Я показал на тело Густа. К нему ровными рядами тянулись черные панцирные муравьи.
– Эорлиты… Быстро учуяли. Значит, муравейник рядом. Не хотел бы я туда угодить. Хватило однажды. А нашим друзьям теперь точно ничего не достанется. Эти и падальщиков заодно сожрут.
Будто услышав слова охотника, птицы оживились на ветке. Затрепыхали крыльями, изда?ли недовольный булькающий звук, чем напомнили Птеарда, но так и не улетели. Опять затихли.
– А вообще там красиво, – продолжал Громбакх. – Скала-то большая. Наружу выходит восемь террас. Символично. Как восемь ойгуров до Темной эпохи. Если считать дристуна Налгулба, который и двух дней на троне не просидел. Ну, принято считать. Венец он примерил, в Светлом саду отметился: к Палиатону пригубился, свой бук посадил. Так вот, восемь террас. Почти весь год, кроме гумника и адельвита, крыши террас занесены снегом. Там стоят дома богатых родов. Усажены деревьями, разукрашены росписью, резьбой. Облеплены медными всякими статуями, символами. В общем, кто как мог, так и распетушился. Чем богаче род, тем больше перьев. Правда, гузка у всех одна. И когда в Темную эпоху там грохнуло Первое глубинное землетрясение, так поджалась у всех с одинаковым свистом. Побежали из города вперед своих кобыл. Только пятки их целованные блестели. Та еще забава. А бежать там красиво. Тоже верно. Слева и справа от террас во всю высоту скалы выдолбили, значит, две громадины.

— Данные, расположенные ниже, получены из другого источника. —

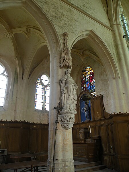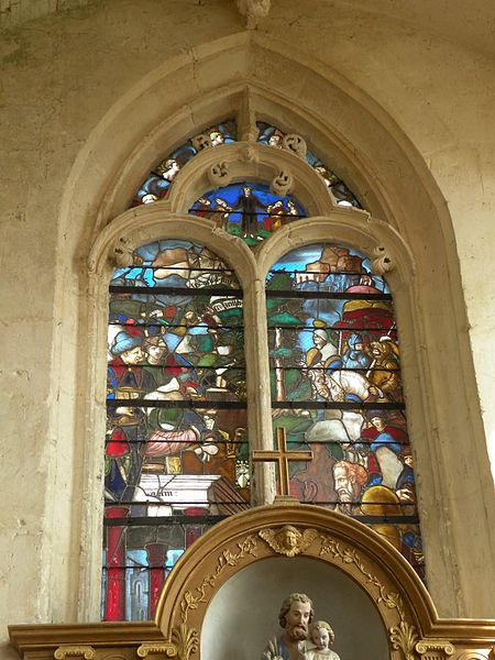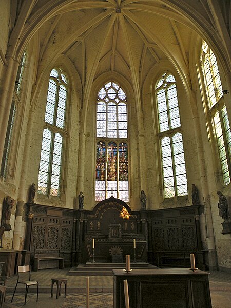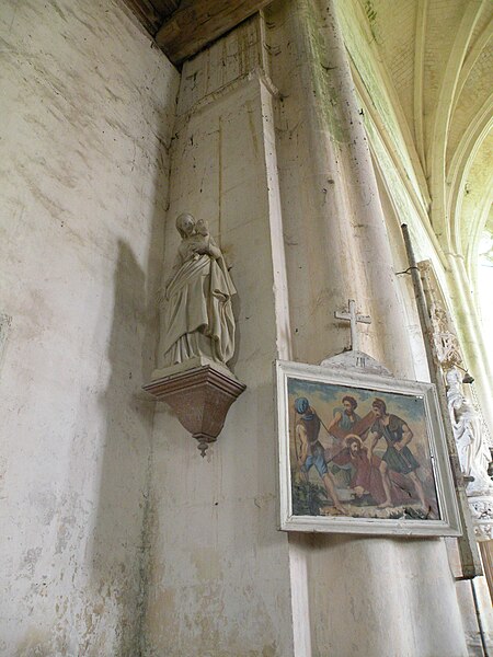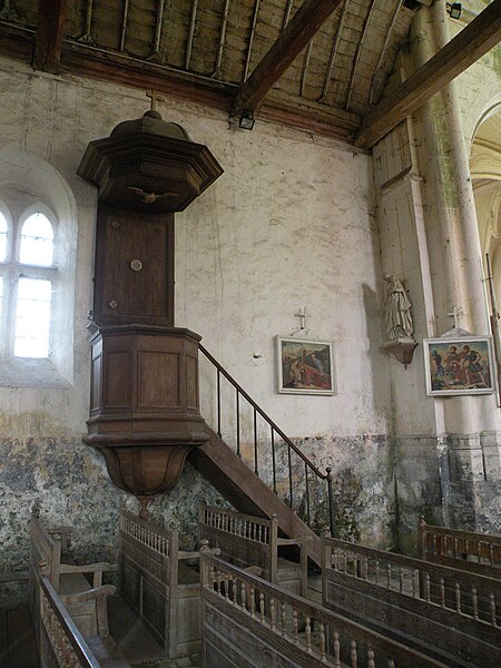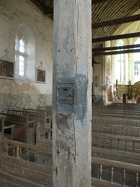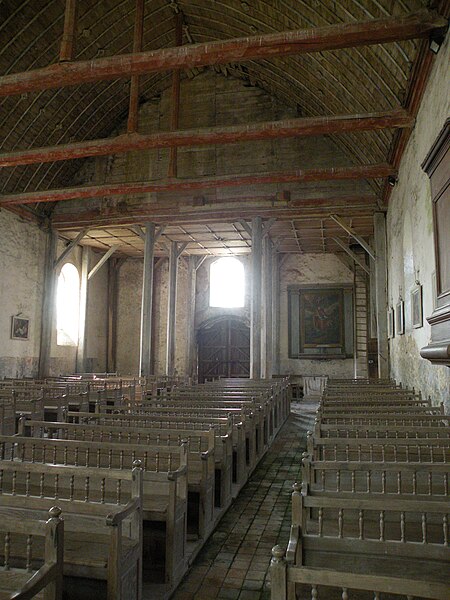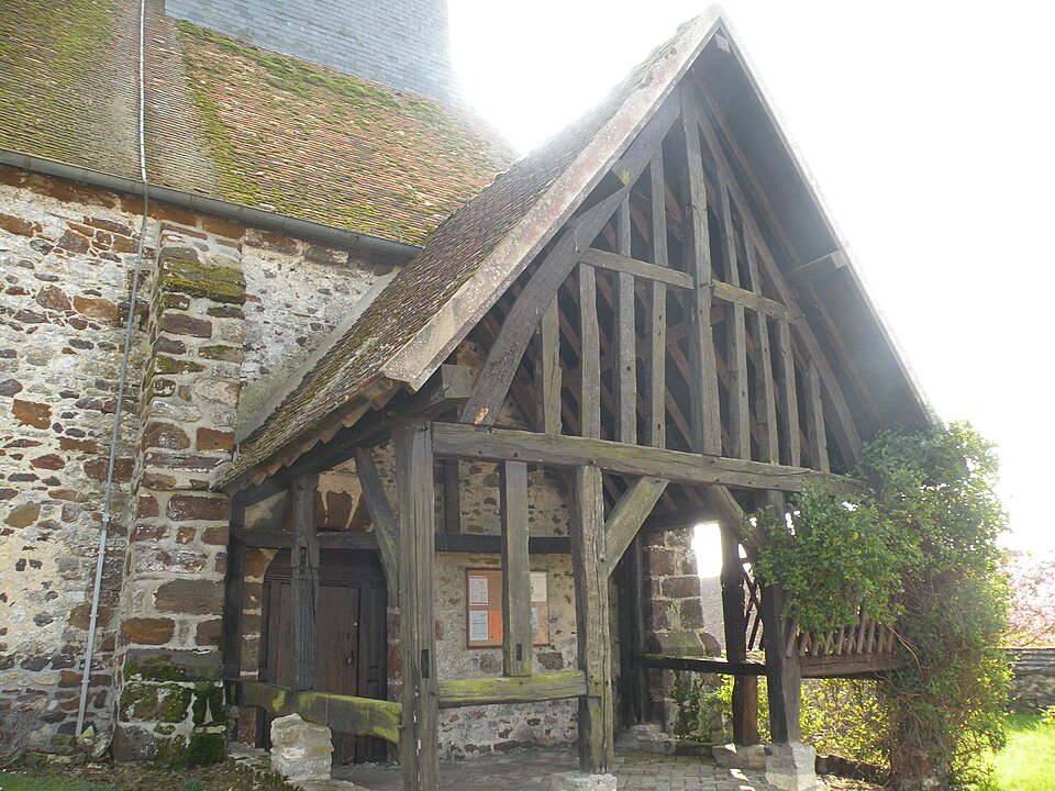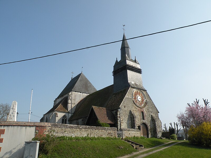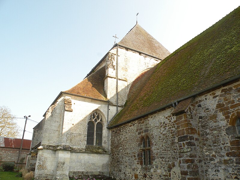 L'église Saint-Denis se trouve au centre du village d'Hodenc-en-Bray, dans l'Oise ; sa façade occidentale donne sur la RD 22 et l'édifice est légèrement en retrait de la route, accessible par un sentier. Elle jouxte au nord l'enclos de l'ancien cimetière, accessible au public et abritant le monument aux morts, et une place engazonnée borde l'église au sud ; l'ancienne école occupe l'espace au sud-est de l'abside. Paroissiale, elle dépend de la paroisse de La Trinité en Bray et de la communauté de Lachapelle-aux-Pots. Des fonts baptismaux du XIe siècle attestent la présence d'un sanctuaire antérieur au bâtiment actuel. La nef actuelle, construite au milieu du XIVe siècle, est un vaisseau unique élevé en moellons et dépourvu de bas-côtés et de voûtes, ce qui reflète une construction d'économie. Sa charpente lambrissée, remarquable, présente une carène renversée et des éléments peints ; un poinçon porte la date 1577, interprétée comme celle d'une restauration. Une rosace à douze rayons trilobés orne le mur occidental, son oculus central étant aujourd'hui occupé par une horloge, et les baies méridionales sont en plein cintre tandis que les deux fenêtres nord sont composées de lancettes recoupées par un meneau horizontal. Le chœur, plus tardif et d'un parti architectural ambitieux, a été élevé au début du XVIe siècle par la famille de Montceaux, dont les armes figurent sur les clés de voûte ; il est entièrement bâti en pierre de taille claire et se caractérise par une grande élévation et une luminosité inhabituelles pour la taille du village. Son plan est original : une travée carrée de vaisseau central précédant une abside à cinq pans, la première travée et l'abside étant couvertes par une voûte à six ogives rayonnant autour d'une clé centrale. Deux chapelles latérales, formant un faux transept, flanquent la travée droite ; chacune comporte deux travées et des voûtes ornées de liernes, de tiercerons et de clés pendantes. Les nervures pénètrent directement dans des supports sans chapiteaux visibles, les fûts cylindriques étant bagués à leur jonction avec les ogives, et la clé centrale porte les armes des Montceaux. À l'extérieur, la rusticité de la nef en moellons contraste avec la qualité soignée du chœur en pierre de taille ; la façade occidentale et la lourde toiture ont été jugées maladroites par certains auteurs, tandis que le chœur, sobre mais bien exécuté, présente des contreforts et des pinacles plaqués aux angles de l'abside. Le clocher en charpente, placé à califourchon au pignon occidental, est couvert d'ardoise et présente une composition en pyramide surbaissée cantonnée de pyramidons, surmontée d'une tourelle octogonale et d'une fine flèche. Le porche du portail latéral nord, ample et construit avec de fortes poutres de réemploi, ouvre directement sur l'ancien cimetière. L'édifice a été classé au titre des monuments historiques par arrêté en 1995 ; jusqu'à cette époque le chœur avait vraisemblablement peu été remanié et l'église n'a connu que quelques réparations concentrées surtout sur les toitures. Le mobilier comporte plusieurs éléments de qualité : dix objets sont classés au titre mobilier, auxquels s'ajoutent trois verrières du XVIe siècle et un plat de quête en terre cuite daté de 1604, désormais conservé au trésor de la cathédrale Saint-Pierre de Beauvais. Les trois verrières du XVIe siècle, posées peu après l'achèvement du chœur, ont été restaurées entre 1989 et 1992 ; elles représentent la Crucifixion en axe d'abside, le Couronnement de la Vierge à la chapelle nord et l'Adoration des bergers à la chapelle sud. Le mobilier comprend encore une statue en pierre de la fin du XVIIe siècle identifiée alternativement comme saint Roch ou saint Lucien, plusieurs statues en bois polychrome ou doré (Vierge à l'Enfant des XVIIIe et XVIe/XVIIe siècles, saint Denis et sainte Catherine du dernier quart du XVe siècle), les fonts baptismaux archaïques du XIe siècle sculptés dans un bloc de calcaire, les dalles funéraires de membres de la famille de Monceaux et divers éléments civils comme un coffre de fabrique en chêne du XVIIe siècle et une cloche en bronze datée de 1641. L'ensemble fait de Saint-Denis un édifice d'une belle ampleur et d'une qualité architecturale marquée, où se lit la coexistence d'une nef rurale sobre et d'un chœur flamboyant original dont la valeur mérite une plus large connaissance.
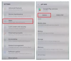 - Back to the Settings main menu, visit Apps =>> Find and Disable Google Play Services
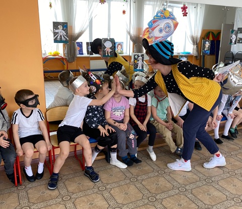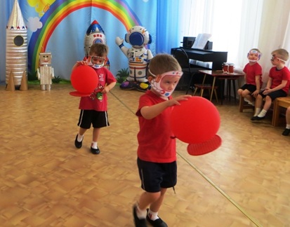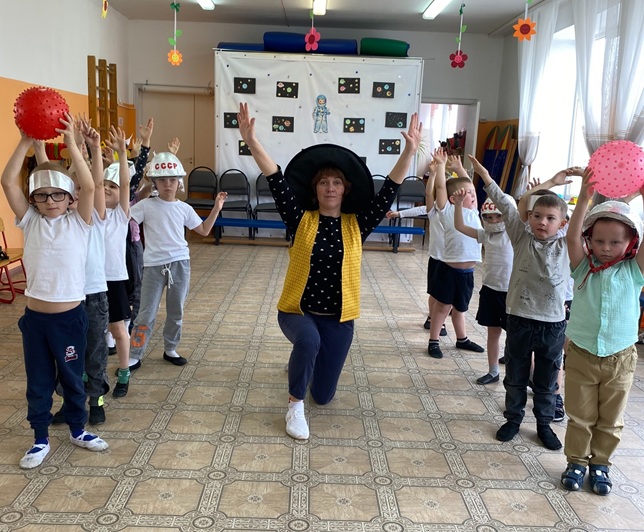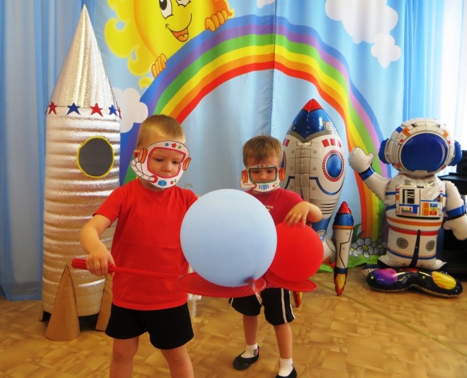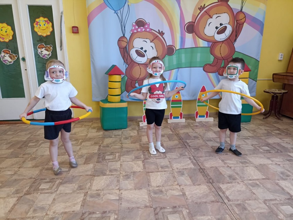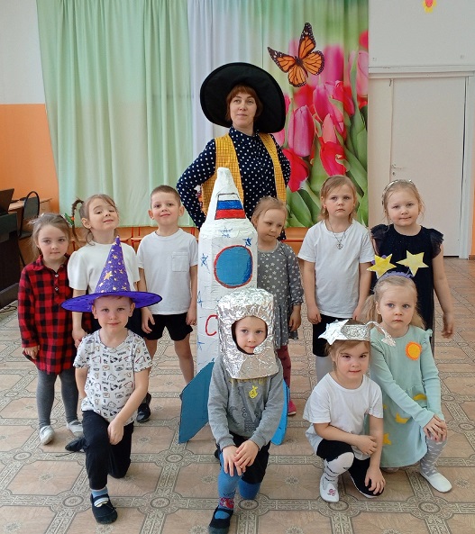 Юные космонавты младших и старших групп с музыкальным руководителем Дмитриевой Ириной Борисовной побывали в космическом путешествии. Они преодолели земное притяжения, почувствовали невесомость, не побоялись метеоритного дождя, высадились на далёкой планете и станцевали польку с инопланетянами. Прошло всё весело и задорно!

Эрхегорд Великий и Лиадор, сын Эниона. Оба при полном обмундировании. Эрхегорд уже в ойгурных пузырчатых латах, а Лиадор еще в ворватоильском обличье. Оба, значит, впериваются в небо – так сказать, кидают торжественный взгляд в сторону Вер-Гориндора. А в руках у них мечи. Двуручные секирные палаши. Сейчас такими уже не воюют. А тогда махали, да. Видал я…
Охотник посмотрел на тело Густа, под которое набивалось все больше муравьев.
Вокруг наемника назревало недовольство. Все, кто успел занять кормовые места в его теле, зашевелились с удвоенной силой. Почувствовали, что тело сдвигается. На одно омерзительное мгновение мне даже показалось, что наемник вдруг сам подвинул руку – так, будто решил почесать себе бок.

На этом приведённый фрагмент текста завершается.